WORK ITEM:
Look for "Great stretch jeans" in the records below, then copy that line and every line after it, exactly and with nothing added.

RECORDS PROVIDED:
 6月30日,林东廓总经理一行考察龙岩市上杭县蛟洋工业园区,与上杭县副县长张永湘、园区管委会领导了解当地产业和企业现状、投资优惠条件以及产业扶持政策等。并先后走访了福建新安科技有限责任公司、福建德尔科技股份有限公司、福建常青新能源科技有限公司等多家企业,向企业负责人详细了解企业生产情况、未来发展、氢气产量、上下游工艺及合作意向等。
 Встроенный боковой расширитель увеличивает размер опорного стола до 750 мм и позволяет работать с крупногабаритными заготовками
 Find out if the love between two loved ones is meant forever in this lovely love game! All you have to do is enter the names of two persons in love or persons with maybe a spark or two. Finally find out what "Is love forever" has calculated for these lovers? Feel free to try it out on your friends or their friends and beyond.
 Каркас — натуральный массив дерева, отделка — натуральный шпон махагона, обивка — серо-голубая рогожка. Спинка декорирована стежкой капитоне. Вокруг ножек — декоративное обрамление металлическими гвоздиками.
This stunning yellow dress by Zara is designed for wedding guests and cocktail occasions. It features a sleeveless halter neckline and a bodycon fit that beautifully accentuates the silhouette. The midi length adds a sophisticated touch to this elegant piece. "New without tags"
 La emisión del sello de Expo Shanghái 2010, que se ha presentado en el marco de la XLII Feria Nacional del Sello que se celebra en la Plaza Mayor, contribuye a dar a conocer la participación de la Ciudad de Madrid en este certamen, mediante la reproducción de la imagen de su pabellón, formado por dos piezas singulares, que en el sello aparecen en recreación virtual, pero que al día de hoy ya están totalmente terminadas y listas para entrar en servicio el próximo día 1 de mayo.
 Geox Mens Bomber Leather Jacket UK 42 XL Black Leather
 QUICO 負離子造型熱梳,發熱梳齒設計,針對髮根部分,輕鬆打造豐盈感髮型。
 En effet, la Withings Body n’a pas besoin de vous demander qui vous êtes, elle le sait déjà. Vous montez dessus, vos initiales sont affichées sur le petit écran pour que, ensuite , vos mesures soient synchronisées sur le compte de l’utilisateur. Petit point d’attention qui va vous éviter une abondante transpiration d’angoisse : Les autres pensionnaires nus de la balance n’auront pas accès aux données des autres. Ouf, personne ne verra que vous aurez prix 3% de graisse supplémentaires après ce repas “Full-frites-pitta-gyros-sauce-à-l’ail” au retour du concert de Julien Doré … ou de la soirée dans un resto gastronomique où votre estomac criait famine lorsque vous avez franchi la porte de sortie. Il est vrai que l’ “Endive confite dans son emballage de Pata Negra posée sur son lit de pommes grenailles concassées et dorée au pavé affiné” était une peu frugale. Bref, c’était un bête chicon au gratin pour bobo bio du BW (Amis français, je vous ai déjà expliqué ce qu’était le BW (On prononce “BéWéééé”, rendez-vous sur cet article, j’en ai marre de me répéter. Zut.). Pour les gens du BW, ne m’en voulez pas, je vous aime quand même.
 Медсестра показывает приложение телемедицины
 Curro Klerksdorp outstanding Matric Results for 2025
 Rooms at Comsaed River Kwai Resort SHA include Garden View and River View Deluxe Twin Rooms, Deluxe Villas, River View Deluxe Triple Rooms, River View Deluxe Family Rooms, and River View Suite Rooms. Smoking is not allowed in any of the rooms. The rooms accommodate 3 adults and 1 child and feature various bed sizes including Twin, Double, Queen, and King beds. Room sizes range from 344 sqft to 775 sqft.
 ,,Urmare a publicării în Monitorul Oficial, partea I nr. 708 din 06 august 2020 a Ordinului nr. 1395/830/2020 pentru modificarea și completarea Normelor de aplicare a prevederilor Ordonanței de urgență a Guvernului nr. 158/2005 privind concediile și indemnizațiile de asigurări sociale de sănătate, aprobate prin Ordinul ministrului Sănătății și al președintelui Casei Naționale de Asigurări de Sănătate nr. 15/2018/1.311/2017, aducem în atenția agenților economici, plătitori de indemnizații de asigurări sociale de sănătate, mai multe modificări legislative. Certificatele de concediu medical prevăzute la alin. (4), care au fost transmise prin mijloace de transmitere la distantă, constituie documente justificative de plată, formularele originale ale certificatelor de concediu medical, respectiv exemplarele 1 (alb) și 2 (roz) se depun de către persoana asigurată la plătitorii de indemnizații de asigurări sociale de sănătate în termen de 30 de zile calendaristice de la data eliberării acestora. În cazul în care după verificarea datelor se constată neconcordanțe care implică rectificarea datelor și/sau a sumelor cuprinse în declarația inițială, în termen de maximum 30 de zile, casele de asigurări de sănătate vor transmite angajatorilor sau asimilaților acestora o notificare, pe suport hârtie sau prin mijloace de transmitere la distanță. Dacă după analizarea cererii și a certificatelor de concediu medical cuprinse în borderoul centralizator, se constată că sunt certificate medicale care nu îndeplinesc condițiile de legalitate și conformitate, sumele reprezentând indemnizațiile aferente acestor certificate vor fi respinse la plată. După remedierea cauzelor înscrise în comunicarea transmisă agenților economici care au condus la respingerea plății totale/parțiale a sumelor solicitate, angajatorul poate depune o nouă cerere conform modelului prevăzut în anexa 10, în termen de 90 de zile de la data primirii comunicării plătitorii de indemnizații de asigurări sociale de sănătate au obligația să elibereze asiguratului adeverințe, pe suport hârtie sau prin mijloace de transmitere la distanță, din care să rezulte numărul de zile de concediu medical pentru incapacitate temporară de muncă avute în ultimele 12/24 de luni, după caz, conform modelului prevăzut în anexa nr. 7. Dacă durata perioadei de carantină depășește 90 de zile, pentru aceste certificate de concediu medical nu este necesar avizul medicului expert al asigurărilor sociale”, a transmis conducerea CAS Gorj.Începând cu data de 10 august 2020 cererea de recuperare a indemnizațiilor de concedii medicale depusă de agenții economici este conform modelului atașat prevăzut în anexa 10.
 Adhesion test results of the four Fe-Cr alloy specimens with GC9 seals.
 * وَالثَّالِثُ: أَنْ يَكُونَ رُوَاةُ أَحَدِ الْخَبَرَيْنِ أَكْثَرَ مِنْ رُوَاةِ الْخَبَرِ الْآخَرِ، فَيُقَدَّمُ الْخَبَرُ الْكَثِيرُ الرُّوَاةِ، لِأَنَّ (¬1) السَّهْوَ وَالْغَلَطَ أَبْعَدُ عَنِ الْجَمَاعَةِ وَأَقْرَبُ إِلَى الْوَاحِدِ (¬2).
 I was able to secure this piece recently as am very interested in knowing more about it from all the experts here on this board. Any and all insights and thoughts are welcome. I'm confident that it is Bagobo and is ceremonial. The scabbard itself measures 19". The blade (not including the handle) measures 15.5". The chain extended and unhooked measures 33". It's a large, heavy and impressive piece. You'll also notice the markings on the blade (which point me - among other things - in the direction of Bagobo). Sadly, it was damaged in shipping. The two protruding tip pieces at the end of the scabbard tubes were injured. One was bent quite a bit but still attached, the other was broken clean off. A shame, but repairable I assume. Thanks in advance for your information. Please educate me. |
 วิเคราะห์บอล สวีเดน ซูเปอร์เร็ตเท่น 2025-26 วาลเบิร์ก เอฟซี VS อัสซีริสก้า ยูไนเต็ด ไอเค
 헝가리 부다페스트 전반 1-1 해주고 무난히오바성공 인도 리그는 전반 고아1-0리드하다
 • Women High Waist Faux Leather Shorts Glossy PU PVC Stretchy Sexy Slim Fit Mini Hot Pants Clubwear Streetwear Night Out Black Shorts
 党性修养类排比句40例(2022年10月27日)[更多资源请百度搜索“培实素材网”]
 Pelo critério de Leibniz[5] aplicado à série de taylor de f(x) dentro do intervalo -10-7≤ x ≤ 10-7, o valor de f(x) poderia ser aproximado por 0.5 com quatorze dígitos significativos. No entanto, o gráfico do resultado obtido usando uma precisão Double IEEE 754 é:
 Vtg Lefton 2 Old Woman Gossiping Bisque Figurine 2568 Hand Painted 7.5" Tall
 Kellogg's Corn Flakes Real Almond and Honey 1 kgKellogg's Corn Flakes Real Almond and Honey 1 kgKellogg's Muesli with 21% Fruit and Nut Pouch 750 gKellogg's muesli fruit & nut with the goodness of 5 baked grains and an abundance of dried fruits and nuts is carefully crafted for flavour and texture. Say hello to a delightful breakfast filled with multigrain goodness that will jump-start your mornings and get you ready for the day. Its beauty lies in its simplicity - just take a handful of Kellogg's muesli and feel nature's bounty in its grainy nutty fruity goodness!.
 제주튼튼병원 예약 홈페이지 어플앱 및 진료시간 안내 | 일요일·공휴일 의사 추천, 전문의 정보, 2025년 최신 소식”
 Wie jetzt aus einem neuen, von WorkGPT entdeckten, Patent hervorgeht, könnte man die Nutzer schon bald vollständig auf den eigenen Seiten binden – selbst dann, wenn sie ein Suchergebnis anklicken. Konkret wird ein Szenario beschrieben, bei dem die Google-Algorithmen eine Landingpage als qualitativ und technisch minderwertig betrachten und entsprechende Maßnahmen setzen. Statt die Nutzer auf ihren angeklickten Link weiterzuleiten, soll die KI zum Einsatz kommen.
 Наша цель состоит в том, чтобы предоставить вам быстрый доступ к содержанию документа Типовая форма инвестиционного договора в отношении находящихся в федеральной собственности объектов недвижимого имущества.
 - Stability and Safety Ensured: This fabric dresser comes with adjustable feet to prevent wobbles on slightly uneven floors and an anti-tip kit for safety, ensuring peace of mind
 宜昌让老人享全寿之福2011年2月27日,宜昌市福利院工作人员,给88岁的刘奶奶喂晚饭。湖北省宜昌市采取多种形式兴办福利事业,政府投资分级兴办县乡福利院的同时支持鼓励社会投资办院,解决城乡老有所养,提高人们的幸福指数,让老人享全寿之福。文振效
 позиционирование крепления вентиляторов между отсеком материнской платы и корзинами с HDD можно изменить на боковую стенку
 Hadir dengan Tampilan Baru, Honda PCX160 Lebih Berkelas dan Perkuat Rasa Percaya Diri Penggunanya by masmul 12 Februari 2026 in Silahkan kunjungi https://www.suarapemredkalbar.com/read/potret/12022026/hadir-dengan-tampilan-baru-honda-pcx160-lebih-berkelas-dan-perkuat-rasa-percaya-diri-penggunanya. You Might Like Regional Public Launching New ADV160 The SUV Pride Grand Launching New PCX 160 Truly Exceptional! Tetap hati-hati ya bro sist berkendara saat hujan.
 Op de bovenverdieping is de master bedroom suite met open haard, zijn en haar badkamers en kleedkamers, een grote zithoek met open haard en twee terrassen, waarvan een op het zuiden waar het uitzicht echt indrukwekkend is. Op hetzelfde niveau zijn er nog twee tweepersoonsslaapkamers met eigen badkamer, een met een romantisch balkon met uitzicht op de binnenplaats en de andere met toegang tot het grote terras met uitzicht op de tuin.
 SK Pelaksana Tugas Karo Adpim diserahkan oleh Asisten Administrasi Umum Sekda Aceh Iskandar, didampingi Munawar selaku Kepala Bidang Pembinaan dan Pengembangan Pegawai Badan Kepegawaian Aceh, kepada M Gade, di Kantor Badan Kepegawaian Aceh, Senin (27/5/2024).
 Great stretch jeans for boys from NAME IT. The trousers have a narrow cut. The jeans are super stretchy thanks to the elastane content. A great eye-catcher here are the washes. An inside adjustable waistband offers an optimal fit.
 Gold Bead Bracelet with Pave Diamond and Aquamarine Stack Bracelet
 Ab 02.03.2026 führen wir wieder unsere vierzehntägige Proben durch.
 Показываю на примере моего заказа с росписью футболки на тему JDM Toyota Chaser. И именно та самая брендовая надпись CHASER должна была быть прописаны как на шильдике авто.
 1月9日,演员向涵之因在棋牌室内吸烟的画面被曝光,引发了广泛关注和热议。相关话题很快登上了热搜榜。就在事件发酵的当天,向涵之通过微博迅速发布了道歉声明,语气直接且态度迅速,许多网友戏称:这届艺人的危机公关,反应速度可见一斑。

RESPONSE TO THE TASK:
 Great stretch jeans for boys from NAME IT. The trousers have a narrow cut. The jeans are super stretchy thanks to the elastane content. A great eye-catcher here are the washes. An inside adjustable waistband offers an optimal fit.
 Gold Bead Bracelet with Pave Diamond and Aquamarine Stack Bracelet
 Ab 02.03.2026 führen wir wieder unsere vierzehntägige Proben durch.
 Показываю на примере моего заказа с росписью футболки на тему JDM Toyota Chaser. И именно та самая брендовая надпись CHASER должна была быть прописаны как на шильдике авто.
 1月9日,演员向涵之因在棋牌室内吸烟的画面被曝光,引发了广泛关注和热议。相关话题很快登上了热搜榜。就在事件发酵的当天,向涵之通过微博迅速发布了道歉声明,语气直接且态度迅速,许多网友戏称:这届艺人的危机公关,反应速度可见一斑。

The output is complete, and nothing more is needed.